The academic beneficiaries include researchers engaged in both diabetes and immunological research as described above.
Ultimately the aim is to benefit patients who develop T1D or who are at risk of developing the disease in identifying targets which could be used to develop treatment and prevention. As T1D is a chronic disease, that starts early in life, and which leads to considerable morbidity and early mortality in a proportion of patients, it is vital to develop new treatments that could improve the longevity of the insulin-producing cells. This is because it is much easier to control blood sugar, even with a small amount of residual beta cell function. Understanding the process that could boost immune regulation, in order to build on a partial therapeutic success thus far, would be very important for patients with diabetes and will help to delay, or prevent diabetes complications. This would be of significant importance as currently diabetes complications are a major cause of morbidity and mortality. Retinopathy affecting the eyes is the leading cause of blindness in young people, nephropathy affecting the kidneys is the leading cause of renal failure, and accelerated atherosclerosis affecting large blood vessels can cause sudden premature death from myocardial infarction. If successful, the patients who will develop the disease and for whom immunotherapy would be a treatment to delay beta cell loss would be major beneficiaries. It could also have impact on individuals who receive pancreas or islet cell transplants in facilitating development of improved treatment that may protect and prolong graft function. In the future, it is hoped that it will be possible to use immunotherapeutic strategies to prevent diabetes.

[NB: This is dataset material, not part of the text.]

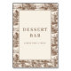This wedding tabletop sign features a charming rustic design with a sepia-toned pastoral landscape border, showcasing trees and quaint cottages in muted earth tones. The central area is elegantly framed by this vintage-inspired pattern, creating an inviting atmosphere. Bold serif typography announces "DESSERT BAR" followed by a friendly invitation to "PLEASE TAKE A TREAT!" The overall aesthetic evokes nostalgia and warmth, perfect for enhancing the ambiance of your special event.
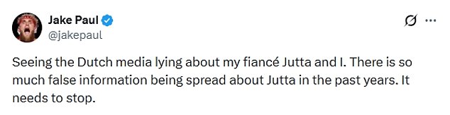 Taking to X, Paul said: 'Seeing the Dutch media lying about my fiancé Jutta and I. There is so much false information being spread about Jutta in the past years.

In terms of a greater understanding of the current limitations of anti- B cell therapy, commercial enterprises that are interested in developing immunotherapy for type 1 diabetes could be beneficiaries of this work.
In addition, the results of this work will be of importance to the charities who support diabetes research and patient groups, both nationally and internationally, to allow them to communicate increased understanding of disease and to demonstrate how basic knowledge of scientific processes may allow therapies to be developed and improved.

Current efforts devoted to immunotherapy to treat type 1 diabetes to offer a delay in beta cell loss have not yielded many promising candidates. However, B cell depletion is one of the few where there may be continued hope. Increasing understanding of the effects of this treatment may lead to improved strategies to improve the efficacy. Thus, the proposal has the potential for commercial application within three to five years if successful.